Question

Identify the compound with the smallest percent ionic character. identify the compound with the smallest percent ionic character. hf lif ibr hcl

Answer 1

Answer: IBr has the smallest percentage ionic character amongst the given compounds.

Explanation: Percentage ionic character is calculated by using the formula:

$\%\text{ Ionic character}=[16(\Delta E.N.)+3.5(\Delta E.N.)^2]\%$    ....(1)

where, $\Delta E.N.$ = difference in the electronegativies of the element forming a compound.

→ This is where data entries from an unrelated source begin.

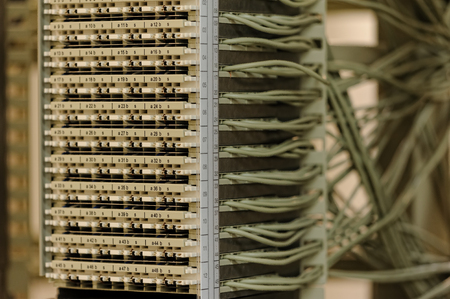 Old analog telephone switchboard system connection panel with wire fixed-line in old cabinet with copy space.
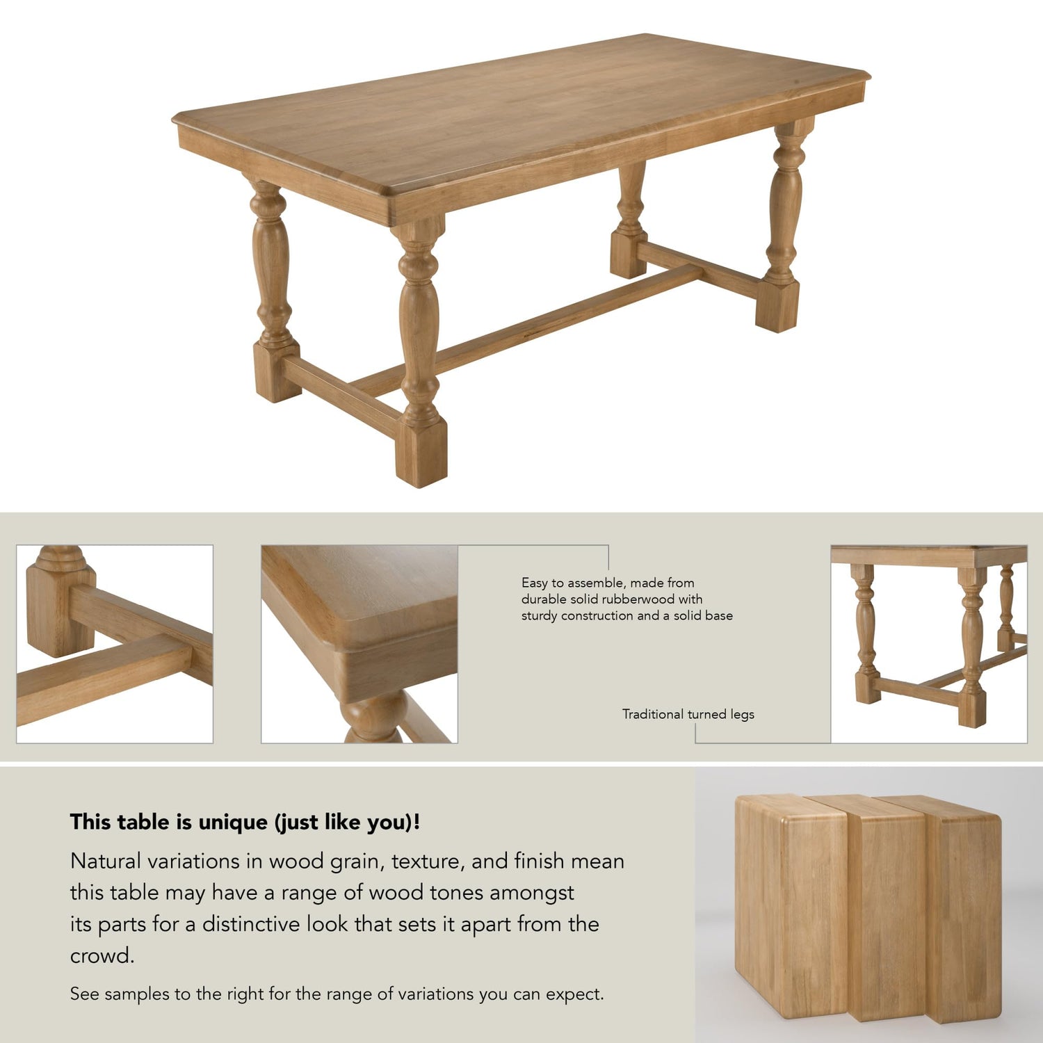 - QUALITY MATERIALS: Built from durable solid rubberwood, this table is designed to withstand daily use, from casual meals to special occasions. The natural variations in wood grain and texture ensure each table is unique, adding character to your dining area.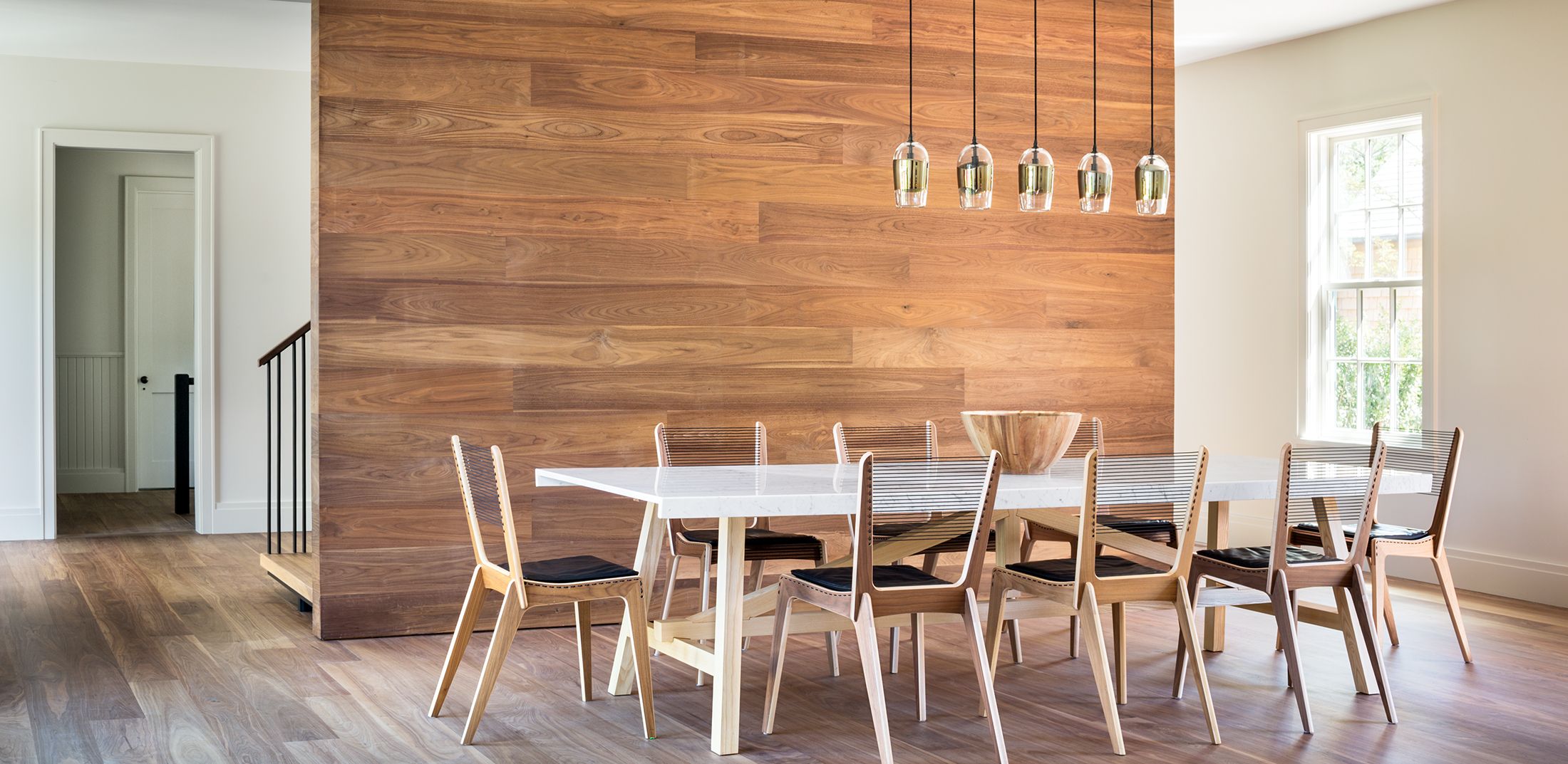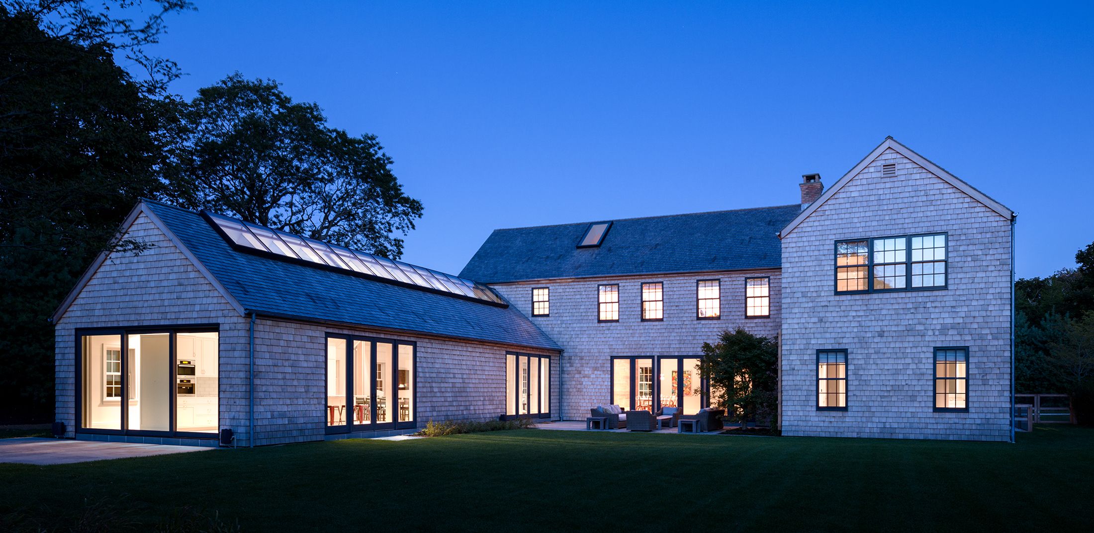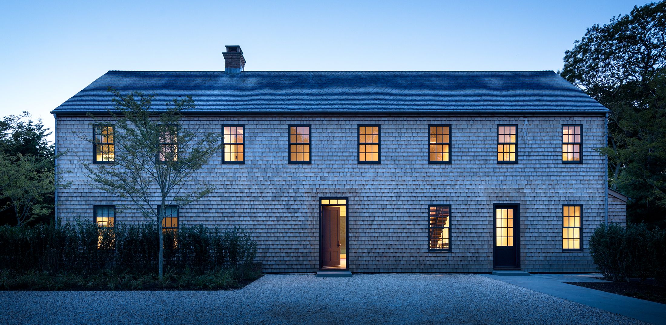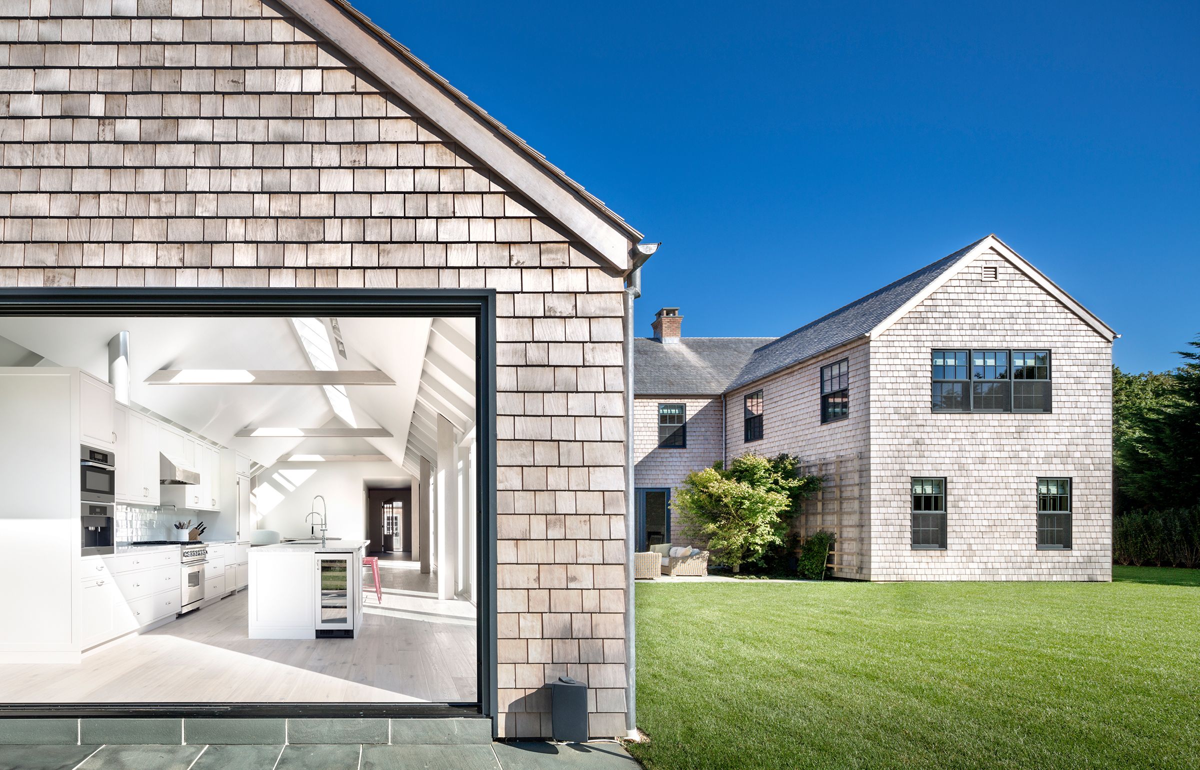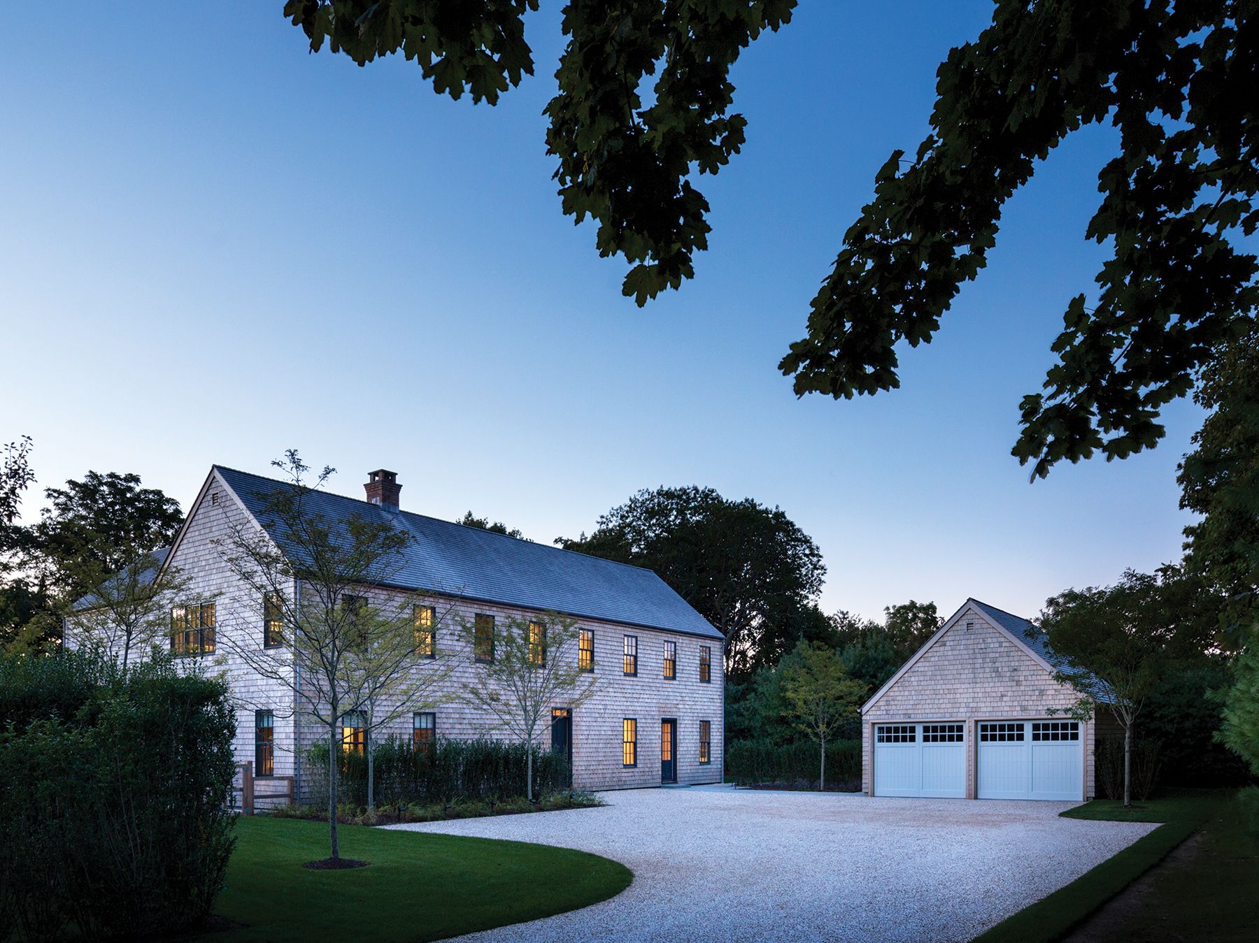This 9,900-square-foot new-build house combines a traditional façade, inspired by its setting in the quaint village of East Hampton, with contemporary, light-filled interiors designed for 21st-century living. Formal, historic and private, the street-facing elevation evidences the elegant proportions and spare detail of Shaker architecture, while the rear proves more informal, modern and open, its wide sliding-glass doors leading to a sun-filled backyard. Inside, natural materials and large windows visually connect this family country home to the landscape. The ground-floor great room’s exposed wood rafters, open plan and natural light — much of it from a 45-foot-long gabled skylight — continue the relaxed feeling. Upstairs, four bedrooms sit off a single hallway running the length of the house, allowing for easy transfer of light and air.

Electronegativity of H = 2.1

Electronegativity of F = 3.98

Electronegativity of Li = 0.98

Electronegativity of I = 2.66

Electronegativity of Br = 2.96

Electronegativity of Cl = 3.16

• For HF

$\Delta E.N.=3.98-2.1=1.88$

Putting this in equation 1, we get:

$\%\text{ Ionic character of HF}=[16(0.188)+3.5(1.88)^2]=42.45\%$

• For LiF

$\Delta E.N.=3.98-0.98=3.00$

Putting this in equation 1, we get:

$\%\text{ Ionic character of HF}=[16(3)+3.5(3)^2]=79.5\%$

• For IBr

$\Delta E.N.=2.96-2.66=0.30$

Putting this in equation 1, we get:

$\%\text{ Ionic character of HF}=[16(0.30)+3.5(0.30)^2]=5.115\%$

• For HCl

$\Delta E.N.=3.16-2.1=1.06$

Putting this in equation 1, we get:

$\%\text{ Ionic character of HF}=[16(1.06)+3.5(1.06)^2]=20.89\%$

From the above calculations, we see that IBr has the smallest percent ionic character.